Records contained in a dataset
---

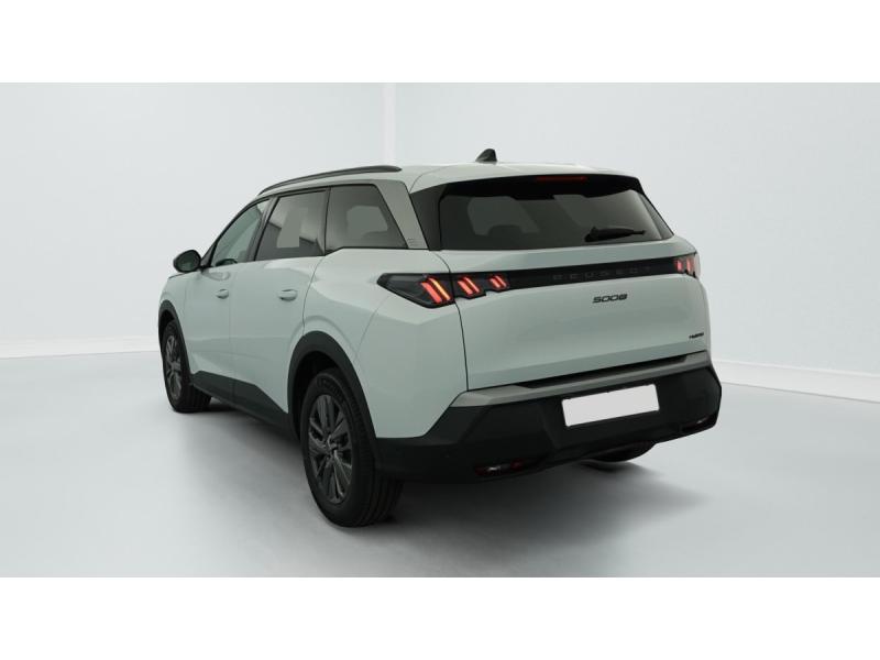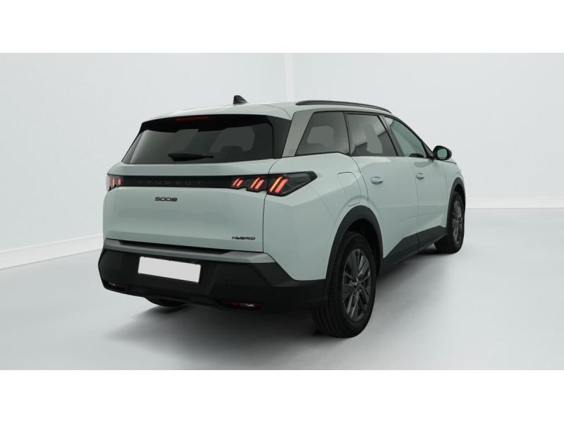 2 prises 12 V (Console centrale, coffre)4 poignées de maintien rétractables (2 à l'AV et 2 à l'AR)6 airbags: Frontaux conducteur et passager (passager neutralisable par clé), latéraux conducteur et passager AV (thorax et bassin), rideaux aux places AV et AR (tête et thorax)6 HP (2 tweeters et 2 woofers à l'AV et 2 larges bandes à l'AR)Accès et démarrage mains libres ProximityAir conditionné automatique tri-zoneAllumage automatique des pharesBandeau entre les feux AR Noir laqué avec lettrage PEUGEOTBandeau entre les projecteurs Noir laqué avec logo 5008Banquette 2 places au rang 3 avec dossiers rabattables 50/50Banquette rang 2 coulissante 60/40, avec dossiers inclinables et rabattables 40/20/40, avec fonction Easy Access aux places du rang 3Barres de toit longitudinales Noir BrillantCalandre couleur caisse, écopes latérales Noir laqué, décor inférieur Gris MéteorDétection de sous-gonflage indirecteEclairage intérieur Plafonnier AV et liseuses AR à LED, Boite à gants et rangement de console éclairés à LED, Eclairage des caves à pieds AV à LEDEnjoliveurs de passages de roues et protections inférieures de portes Noir grainéESP avec aide au démarrage en penteEssuie-vitre AV à déclenchement automatiqueFeux diurnes 3 griffes à LEDFixations ISOFIX et Top Tether aux places latérales rang 2Frein de stationnement électriqueHabitacle et ciel de pavillon NoirJantes alliage 18"Jupe inférieure Noir grainéLécheurs de vitres masquésLève-vitres AV/AR électriques et séquentiels avec antipincementMonogrammes AR 5008 et HybridMonogrammes AV : blason PEUGEOT et 5008Pack Safety Plus : Alerte attention conducteur Régulateur / Limiteur de vitesse Reconnaissance étendue des panneaux de signalisation et préconisation de vitesse Alerte active de franchissement involontaire de ligne et bas côté Freinage d'urgence automatique avPare chocs AR avec décor Gris MeteorPEUGEOT i-Connect Radio DAB, Bluetooth (connexion 2 téléphones), Mirror Screen sans fil (Apple CarPlay / Android Auto), Peugeot Connect SOS & Assistance, 1 prise USB C (Data & charge)Projecteurs Peugeot LED TechnologyRétroviseur intérieur électrochromeRétroviseurs extérieurs dégivrants avec réglage et rabattement électriques, éclairage de seuilSellerie tissu CRISPY embossé, accompagnement TEP Isabella, écharpe tissu RIMINI chiné, surpiqûres QuartzSiège conducteur et passager avec réglage en hauteur manuelVisiopark 1: caméra de recul HD & aide au stationnement AR, graphique et sonoreVitres AR, custodes et lunette AR teintées
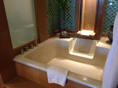 ゆったりとした大理石調のバスルームでゆったりとしています。
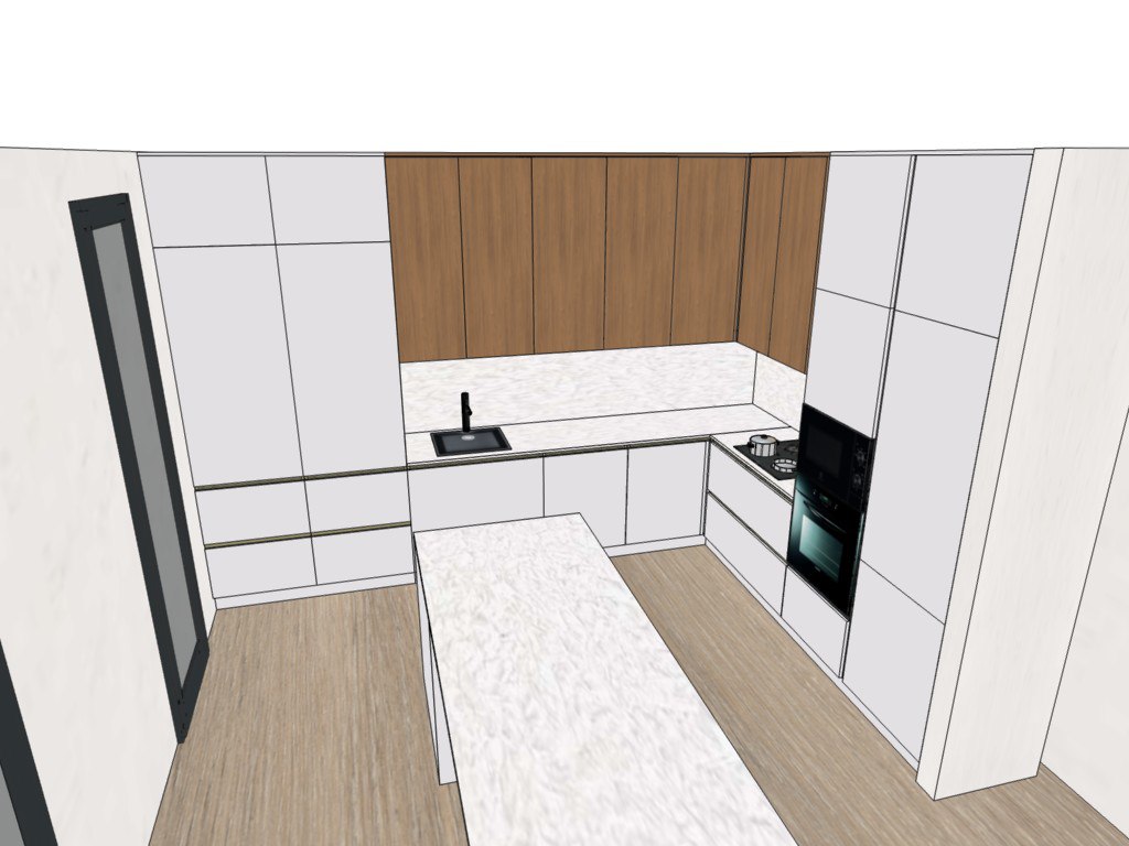 kitchen interior with a modern minimalist design use a snoji white sw color the walls countertop should be porcelain grey beige slight structured create 4 seats in the island also with lightweight light wood chairs the kitchen should feature mate cashmire cabinetry and upper cabinets should be egger oak brown casella incorporate a stainless steel kitchen sink and stainless steel j faucet for contrast the oven and stovetop are sleek and contemporary in a reflective black finish the flooring is a warm light oak wood enhancing the cozy atmosphere large window with a black frame on the left allowing natural light to flood in creating a bright and inviting ambiance the atmosphere is clean modern and welcoming
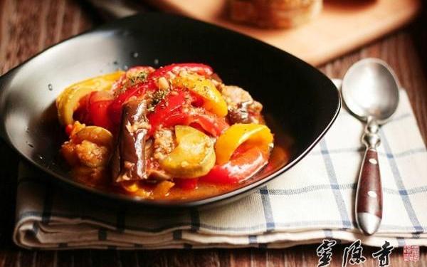 1.茄子切条,细的对半切,粗的切4半。红,黄彩椒去籽,切粗条。
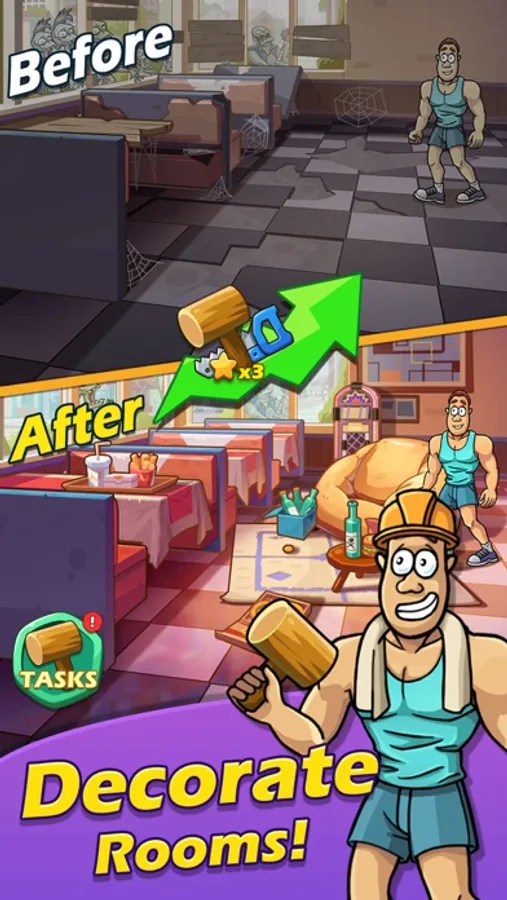 ● Claim decoration items to rebuild your home from the Zombie attack.

---

What the reply must contain is an exact transcription of the data above and none of its pictures.

### Task answer
 2 prises 12 V (Console centrale, coffre)4 poignées de maintien rétractables (2 à l'AV et 2 à l'AR)6 airbags: Frontaux conducteur et passager (passager neutralisable par clé), latéraux conducteur et passager AV (thorax et bassin), rideaux aux places AV et AR (tête et thorax)6 HP (2 tweeters et 2 woofers à l'AV et 2 larges bandes à l'AR)Accès et démarrage mains libres ProximityAir conditionné automatique tri-zoneAllumage automatique des pharesBandeau entre les feux AR Noir laqué avec lettrage PEUGEOTBandeau entre les projecteurs Noir laqué avec logo 5008Banquette 2 places au rang 3 avec dossiers rabattables 50/50Banquette rang 2 coulissante 60/40, avec dossiers inclinables et rabattables 40/20/40, avec fonction Easy Access aux places du rang 3Barres de toit longitudinales Noir BrillantCalandre couleur caisse, écopes latérales Noir laqué, décor inférieur Gris MéteorDétection de sous-gonflage indirecteEclairage intérieur Plafonnier AV et liseuses AR à LED, Boite à gants et rangement de console éclairés à LED, Eclairage des caves à pieds AV à LEDEnjoliveurs de passages de roues et protections inférieures de portes Noir grainéESP avec aide au démarrage en penteEssuie-vitre AV à déclenchement automatiqueFeux diurnes 3 griffes à LEDFixations ISOFIX et Top Tether aux places latérales rang 2Frein de stationnement électriqueHabitacle et ciel de pavillon NoirJantes alliage 18"Jupe inférieure Noir grainéLécheurs de vitres masquésLève-vitres AV/AR électriques et séquentiels avec antipincementMonogrammes AR 5008 et HybridMonogrammes AV : blason PEUGEOT et 5008Pack Safety Plus : Alerte attention conducteur Régulateur / Limiteur de vitesse Reconnaissance étendue des panneaux de signalisation et préconisation de vitesse Alerte active de franchissement involontaire de ligne et bas côté Freinage d'urgence automatique avPare chocs AR avec décor Gris MeteorPEUGEOT i-Connect Radio DAB, Bluetooth (connexion 2 téléphones), Mirror Screen sans fil (Apple CarPlay / Android Auto), Peugeot Connect SOS & Assistance, 1 prise USB C (Data & charge)Projecteurs Peugeot LED TechnologyRétroviseur intérieur électrochromeRétroviseurs extérieurs dégivrants avec réglage et rabattement électriques, éclairage de seuilSellerie tissu CRISPY embossé, accompagnement TEP Isabella, écharpe tissu RIMINI chiné, surpiqûres QuartzSiège conducteur et passager avec réglage en hauteur manuelVisiopark 1: caméra de recul HD & aide au stationnement AR, graphique et sonoreVitres AR, custodes et lunette AR teintées
 ゆったりとした大理石調のバスルームでゆったりとしています。
 kitchen interior with a modern minimalist design use a snoji white sw color the walls countertop should be porcelain grey beige slight structured create 4 seats in the island also with lightweight light wood chairs the kitchen should feature mate cashmire cabinetry and upper cabinets should be egger oak brown casella incorporate a stainless steel kitchen sink and stainless steel j faucet for contrast the oven and stovetop are sleek and contemporary in a reflective black finish the flooring is a warm light oak wood enhancing the cozy atmosphere large window with a black frame on the left allowing natural light to flood in creating a bright and inviting ambiance the atmosphere is clean modern and welcoming
 1.茄子切条,细的对半切,粗的切4半。红,黄彩椒去籽,切粗条。
 ● Claim decoration items to rebuild your home from the Zombie attack.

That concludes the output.